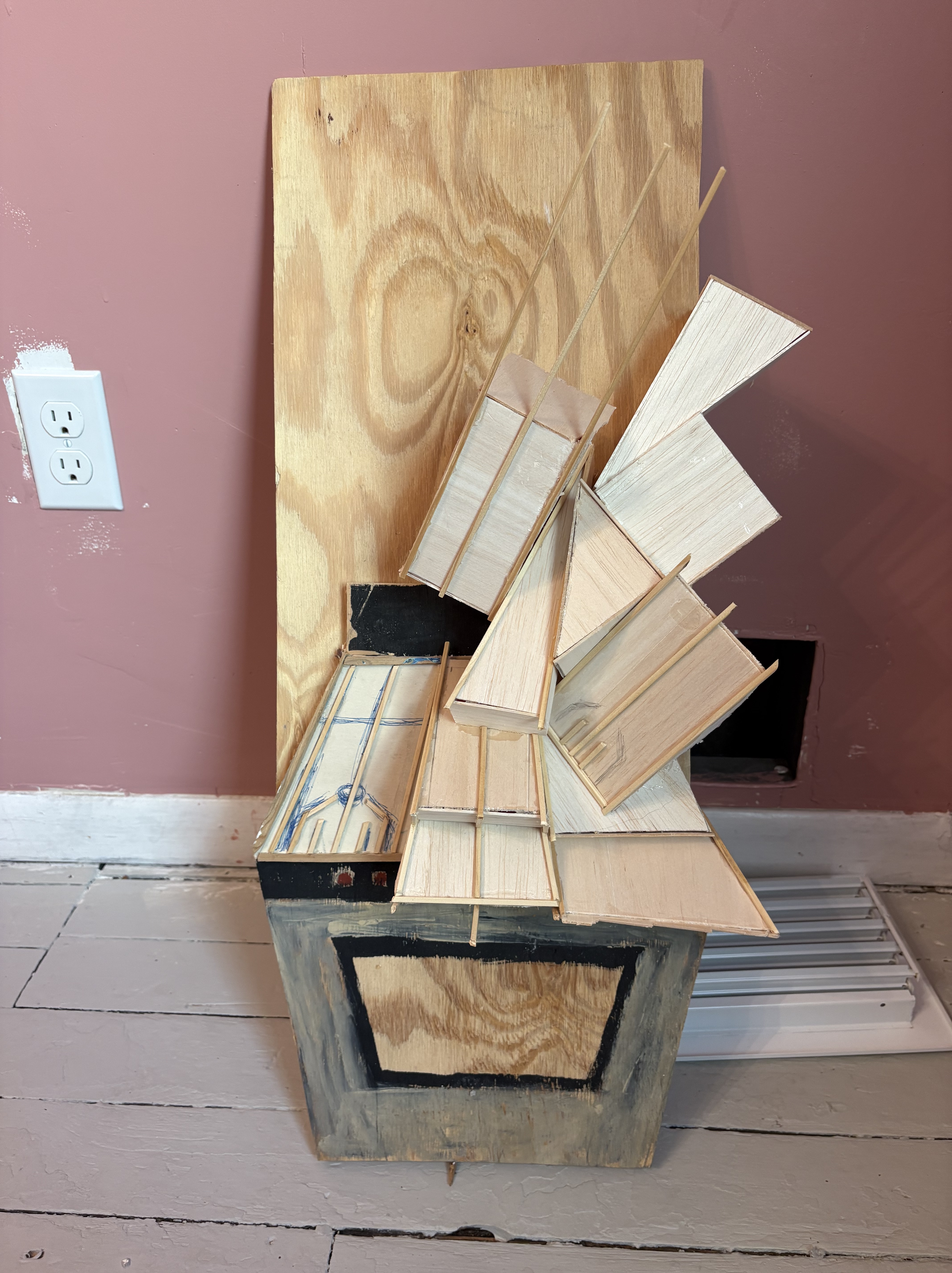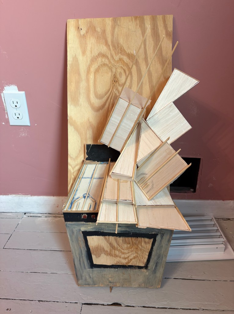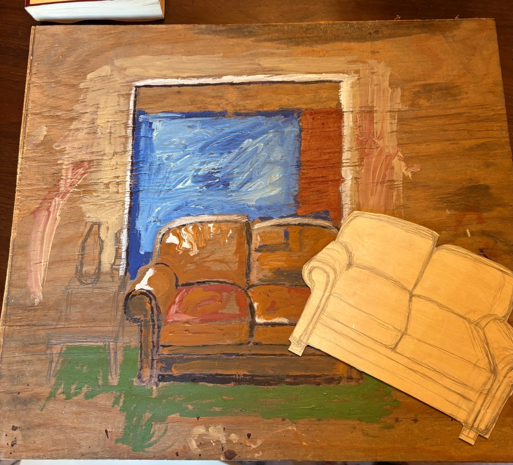 This is a classic project- I’m trying to build a living room painting. I know how to do it, I just have to develop it out. I’m going to layer the couch in a more ordered way to give the painting extra gravity. I might cut out the window in a future iteration- I’m not sure. My jigsaw broke and that’s made things a little harder/ slower.
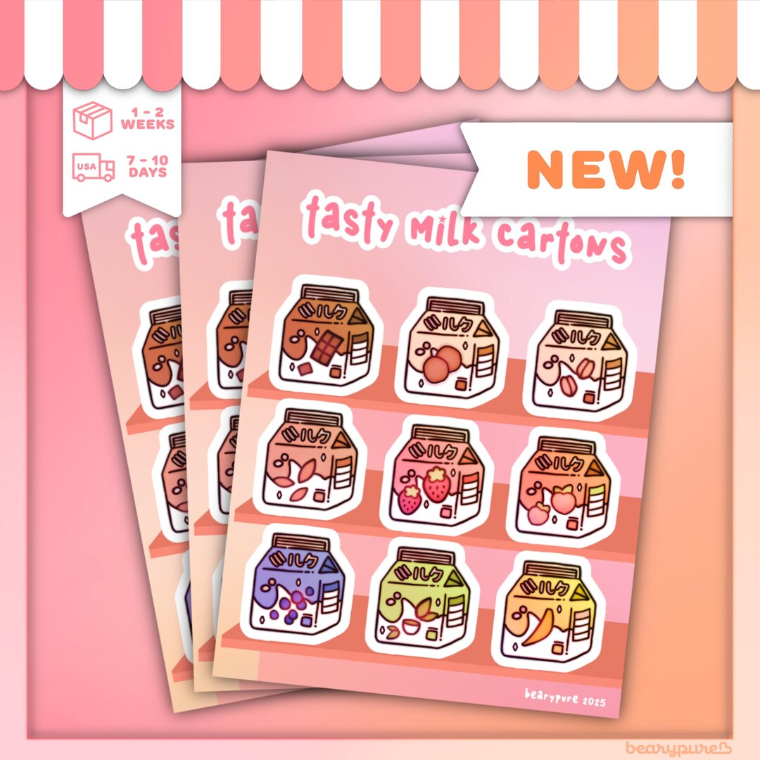 Tasty Milk Cartons Deco Sticker Sheet | Pastel, Kawaii, Aesthetic ...
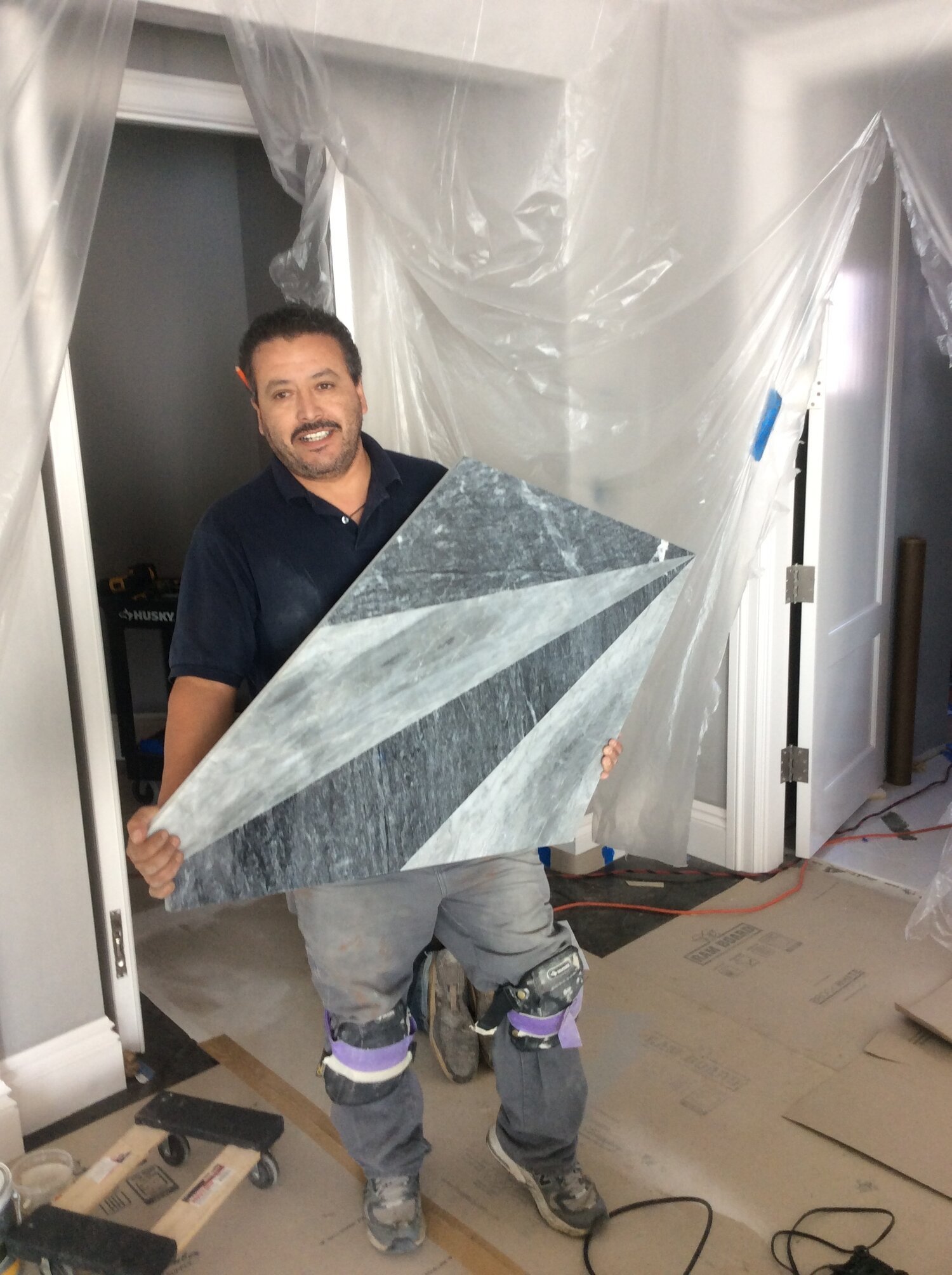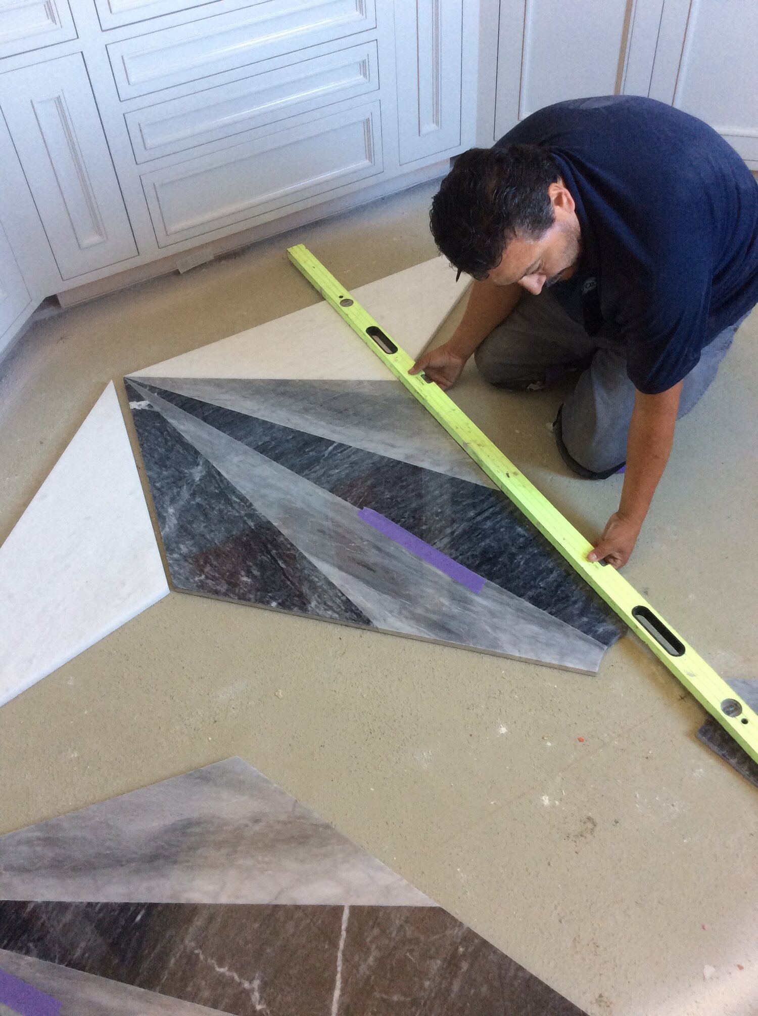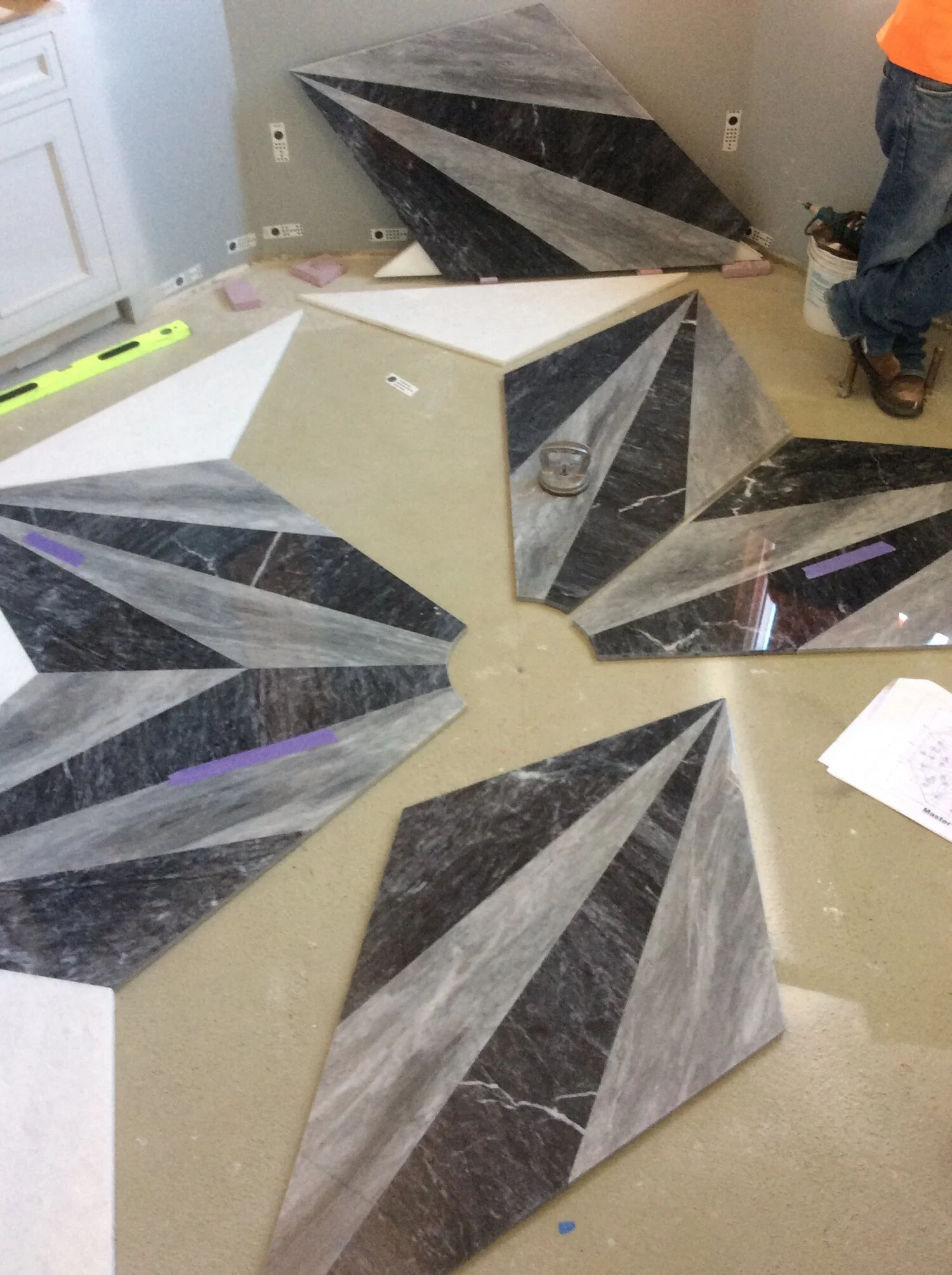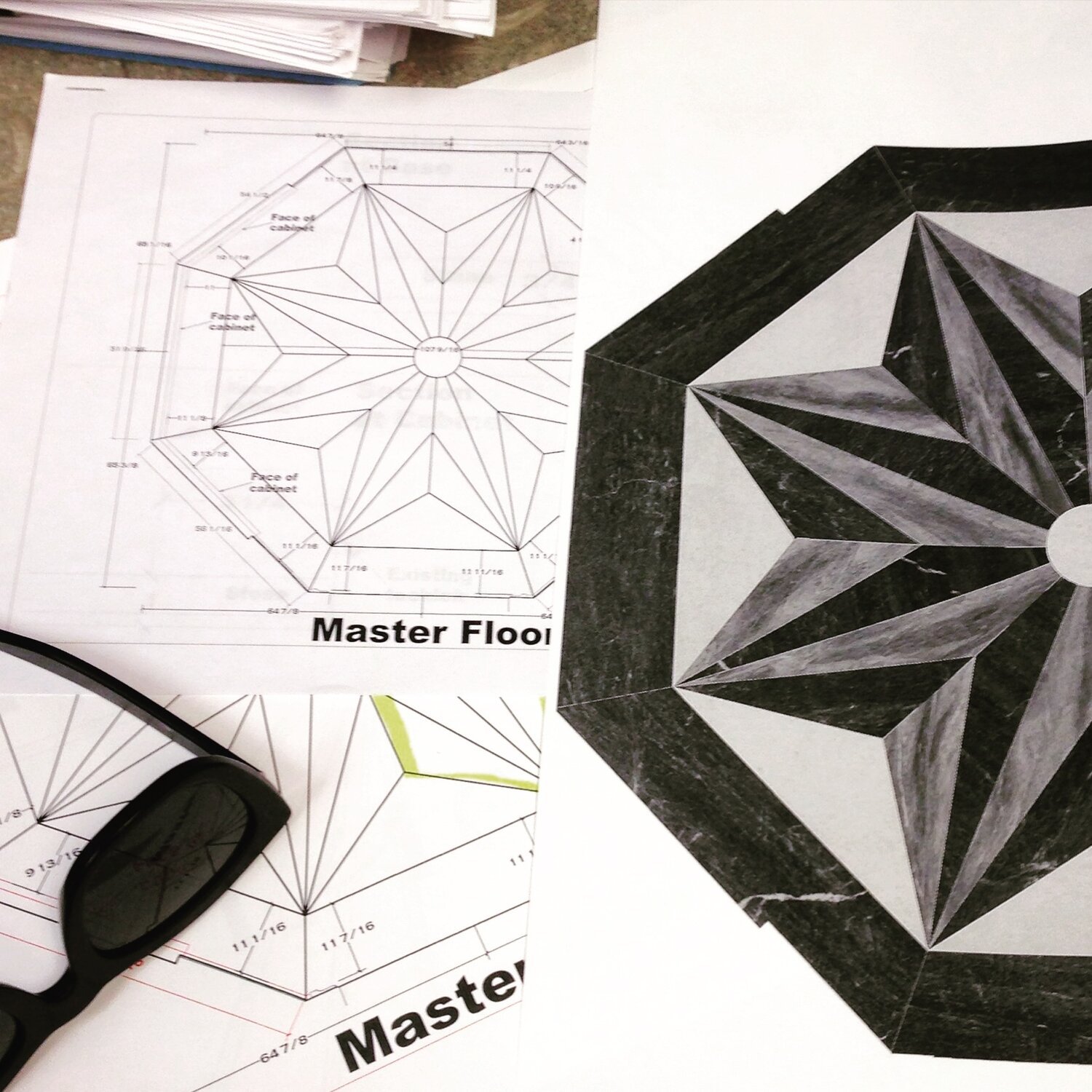 Once the pattern was conceptualized, and our ‘official drawings’ were complete, we then set to choosing the material… This pattern could read a thousand different ways based on the color selection of the material! Our pallet for the Primary Suite had morphed in to soft grays, which we wanted to carry through in the floor… yet the clients fell in love with the starburst pattern and wanted there to be an element of contrast, so that it would really read as something special and different…
_ _ _ _ _
## GOAL OF THE EXERCISE
Leave out the pictures. Transcribe the rest of the listing above exactly.

## RESPONSE BOX
 This is a classic project- I’m trying to build a living room painting. I know how to do it, I just have to develop it out. I’m going to layer the couch in a more ordered way to give the painting extra gravity. I might cut out the window in a future iteration- I’m not sure. My jigsaw broke and that’s made things a little harder/ slower.
 Tasty Milk Cartons Deco Sticker Sheet | Pastel, Kawaii, Aesthetic ...
 Once the pattern was conceptualized, and our ‘official drawings’ were complete, we then set to choosing the material… This pattern could read a thousand different ways based on the color selection of the material! Our pallet for the Primary Suite had morphed in to soft grays, which we wanted to carry through in the floor… yet the clients fell in love with the starburst pattern and wanted there to be an element of contrast, so that it would really read as something special and different…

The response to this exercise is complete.